Directions for this task: Every line below from the one with "Daniele Fornasier con" through the one with "Има и приятни" is to be repeated exactly, with no picture among them.

Dataset records:
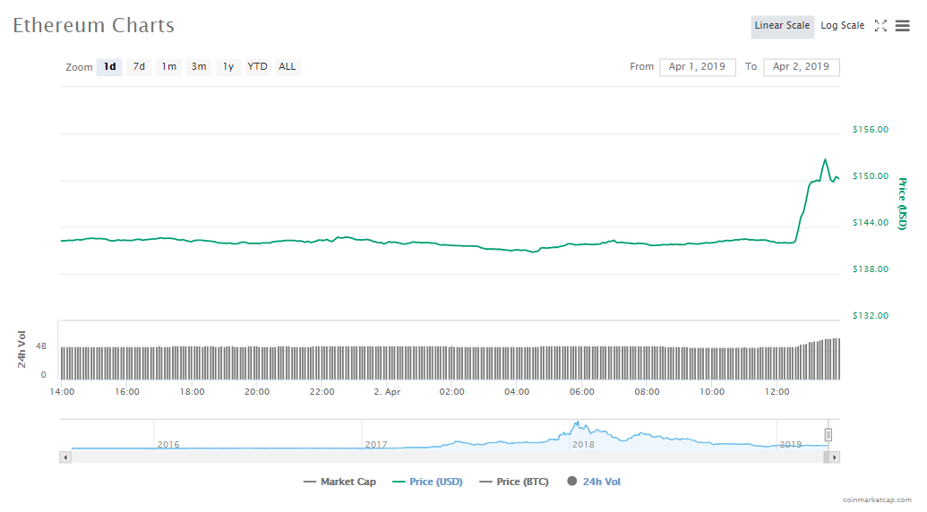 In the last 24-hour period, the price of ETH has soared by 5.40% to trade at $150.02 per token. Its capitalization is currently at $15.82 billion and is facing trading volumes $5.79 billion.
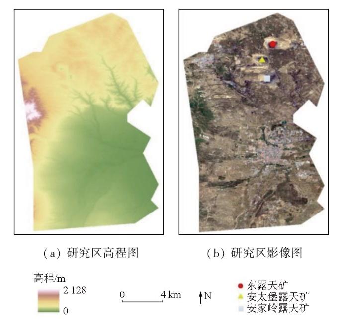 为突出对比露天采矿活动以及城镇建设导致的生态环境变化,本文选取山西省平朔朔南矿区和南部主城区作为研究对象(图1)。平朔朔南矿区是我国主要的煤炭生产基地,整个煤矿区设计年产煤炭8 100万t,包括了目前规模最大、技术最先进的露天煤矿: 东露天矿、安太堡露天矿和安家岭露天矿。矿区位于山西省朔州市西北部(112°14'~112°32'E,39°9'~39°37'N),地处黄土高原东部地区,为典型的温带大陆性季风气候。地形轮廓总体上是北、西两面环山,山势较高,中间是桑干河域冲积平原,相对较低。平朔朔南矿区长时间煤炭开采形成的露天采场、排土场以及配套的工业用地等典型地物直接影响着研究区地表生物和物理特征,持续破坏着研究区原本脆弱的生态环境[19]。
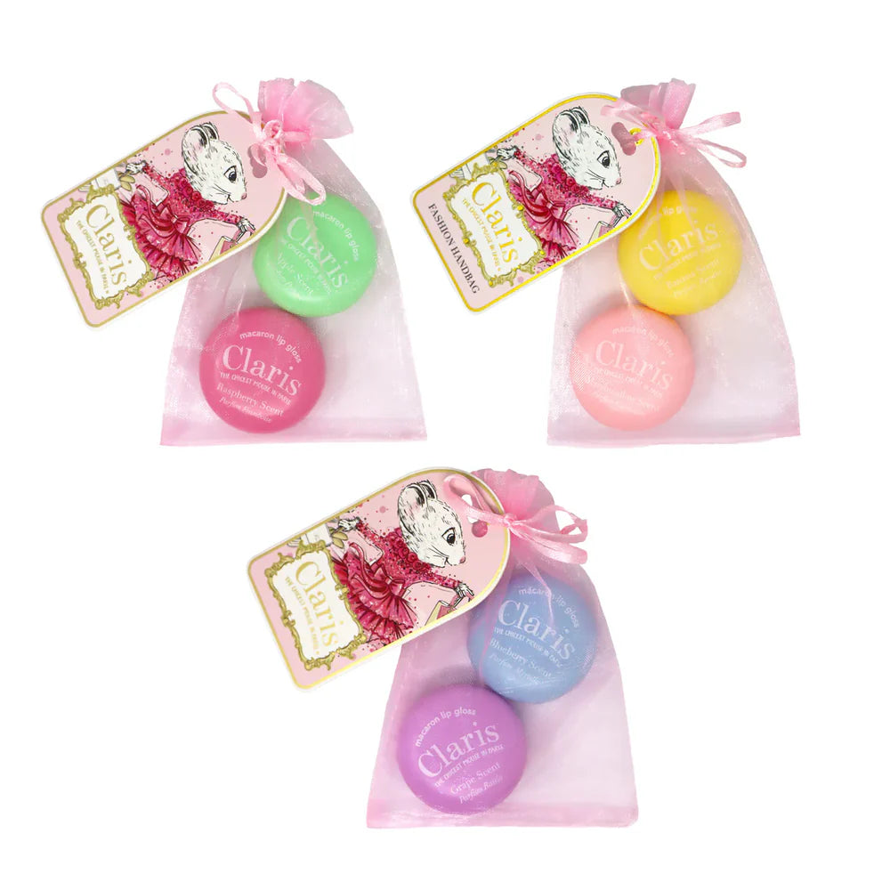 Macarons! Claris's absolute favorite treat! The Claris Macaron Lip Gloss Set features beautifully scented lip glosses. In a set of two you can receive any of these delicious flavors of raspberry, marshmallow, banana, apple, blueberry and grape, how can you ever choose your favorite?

---

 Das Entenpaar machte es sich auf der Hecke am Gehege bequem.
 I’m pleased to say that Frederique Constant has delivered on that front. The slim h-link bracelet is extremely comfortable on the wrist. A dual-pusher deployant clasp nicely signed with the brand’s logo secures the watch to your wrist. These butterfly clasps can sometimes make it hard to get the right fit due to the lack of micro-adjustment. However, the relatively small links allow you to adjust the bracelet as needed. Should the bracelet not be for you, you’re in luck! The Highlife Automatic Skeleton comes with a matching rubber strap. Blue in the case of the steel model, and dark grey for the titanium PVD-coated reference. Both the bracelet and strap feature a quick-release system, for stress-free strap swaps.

* * *

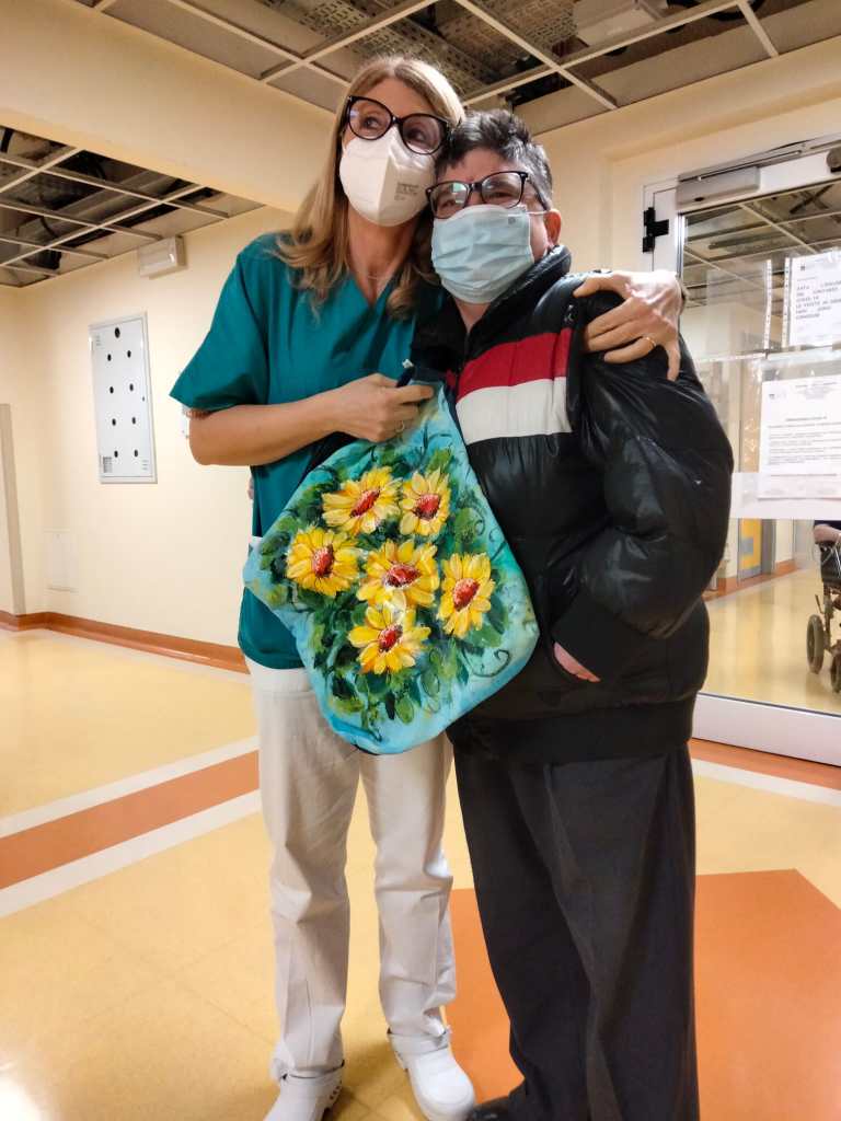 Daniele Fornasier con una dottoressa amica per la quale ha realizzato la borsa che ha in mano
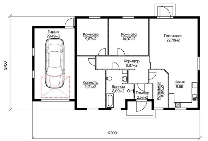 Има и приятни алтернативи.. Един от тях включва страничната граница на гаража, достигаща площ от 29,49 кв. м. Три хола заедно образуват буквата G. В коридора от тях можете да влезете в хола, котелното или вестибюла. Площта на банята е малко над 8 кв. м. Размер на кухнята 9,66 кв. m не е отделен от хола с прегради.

Your response:
 Daniele Fornasier con una dottoressa amica per la quale ha realizzato la borsa che ha in mano
 Има и приятни алтернативи.. Един от тях включва страничната граница на гаража, достигаща площ от 29,49 кв. м. Три хола заедно образуват буквата G. В коридора от тях можете да влезете в хола, котелното или вестибюла. Площта на банята е малко над 8 кв. м. Размер на кухнята 9,66 кв. m не е отделен от хола с прегради.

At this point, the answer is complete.